§ GIVEN INFORMATION:
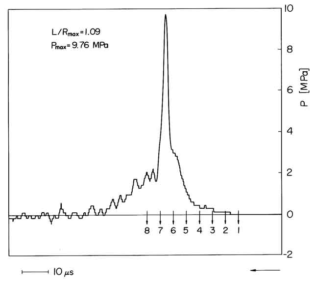 Indeed, the issue of whether cavitation damage is caused by microjets or by shock waves or by both has been debated for many years. In the 1940s and 1950s the focus was on the shock waves generated by spherical bubble collapse. When the phenomenon of the microjet was first observed by Naude and Ellis (1961) and Benjamin and Ellis (1966), the focus shifted to studies of the impulsive pressures generated by these jets. But, even after the disruption caused by the microjet, one is left with a remnant cloud of small bubbles that will continue to collapse collectively. Though no longer a single bubble, this remnant cloud will still exhibit the same qualitative dynamic behavior, including the possible production of a shock wave following the point of minimum cavity volume. Two important research efforts in Japan then shifted the focus back to the remnant cloud shock. First Shima et al. (1983) used high speed Schlieren photography to show that a spherical shock wave was indeed generated by the remnant cloud at the instance of minimum volume. Figure 3.12 shows a series of photographs of a collapsing bubble along with the corresponding pressure trace. The instant of minimum volume is between frames 6 and 7, and the trace clearly shows the peak pressure occuring at that instant. When combined with the Schlieren photographs showing a spherical shock being generated at this instant, this seemed to relegate the microjet to a subsidiary role. About the same time, Fujikawa and Akamatsu (1980) used a photoelastic material so that they could simultaneously observe the stresses in the solid and measure the acoustic pulses. Using the first collapse of a bubble as the trigger, Fujikawa and Akamatsu employed a variable time delay to take photographs of the stress state in the solid at various instants relative to the second collapse. They simultaneously recorded the pressure in the liquid and were able to confirm that the impulsive stresses in the material were initiated at the same moment as the acoustic pulse (to within about 1μs). They also conclude that this corresponded to the instant of minimum volume and that the waves were not produced by the microjet.
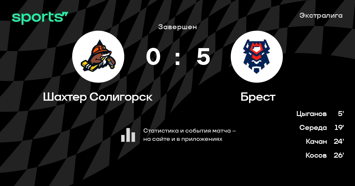 В прошедшем матче в рамках турнира Экстралига состоялась встреча команд Шахтер Солигорск - Брест в городе Солигорск (Беларусь) на стадионе Ледовый дворец спорта Солигорск (вместимость - 1800)
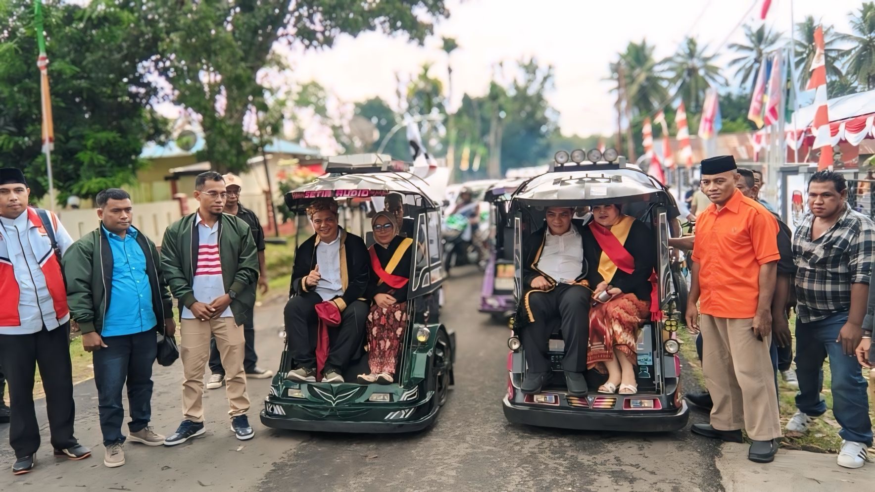 Paslon dengan selogan Rebut Kembali itu setelah dari desa Gamtala melanjutkan konvoi ribuan massa mendaftarkan diri sebagai Calon Bupati dan Wakil di KPU. Namun saat menuju KPUD DINAMIS menggunakan kendaraan bentor dengan berpakaian adat suku Sahu.

§ WORK REQUIRED:
When you return the listing, keep each line exact and leave the pictures out.

§ ANSWER:
 Indeed, the issue of whether cavitation damage is caused by microjets or by shock waves or by both has been debated for many years. In the 1940s and 1950s the focus was on the shock waves generated by spherical bubble collapse. When the phenomenon of the microjet was first observed by Naude and Ellis (1961) and Benjamin and Ellis (1966), the focus shifted to studies of the impulsive pressures generated by these jets. But, even after the disruption caused by the microjet, one is left with a remnant cloud of small bubbles that will continue to collapse collectively. Though no longer a single bubble, this remnant cloud will still exhibit the same qualitative dynamic behavior, including the possible production of a shock wave following the point of minimum cavity volume. Two important research efforts in Japan then shifted the focus back to the remnant cloud shock. First Shima et al. (1983) used high speed Schlieren photography to show that a spherical shock wave was indeed generated by the remnant cloud at the instance of minimum volume. Figure 3.12 shows a series of photographs of a collapsing bubble along with the corresponding pressure trace. The instant of minimum volume is between frames 6 and 7, and the trace clearly shows the peak pressure occuring at that instant. When combined with the Schlieren photographs showing a spherical shock being generated at this instant, this seemed to relegate the microjet to a subsidiary role. About the same time, Fujikawa and Akamatsu (1980) used a photoelastic material so that they could simultaneously observe the stresses in the solid and measure the acoustic pulses. Using the first collapse of a bubble as the trigger, Fujikawa and Akamatsu employed a variable time delay to take photographs of the stress state in the solid at various instants relative to the second collapse. They simultaneously recorded the pressure in the liquid and were able to confirm that the impulsive stresses in the material were initiated at the same moment as the acoustic pulse (to within about 1μs). They also conclude that this corresponded to the instant of minimum volume and that the waves were not produced by the microjet.
 В прошедшем матче в рамках турнира Экстралига состоялась встреча команд Шахтер Солигорск - Брест в городе Солигорск (Беларусь) на стадионе Ледовый дворец спорта Солигорск (вместимость - 1800)
 Paslon dengan selogan Rebut Kembali itu setelah dari desa Gamtala melanjutkan konvoi ribuan massa mendaftarkan diri sebagai Calon Bupati dan Wakil di KPU. Namun saat menuju KPUD DINAMIS menggunakan kendaraan bentor dengan berpakaian adat suku Sahu.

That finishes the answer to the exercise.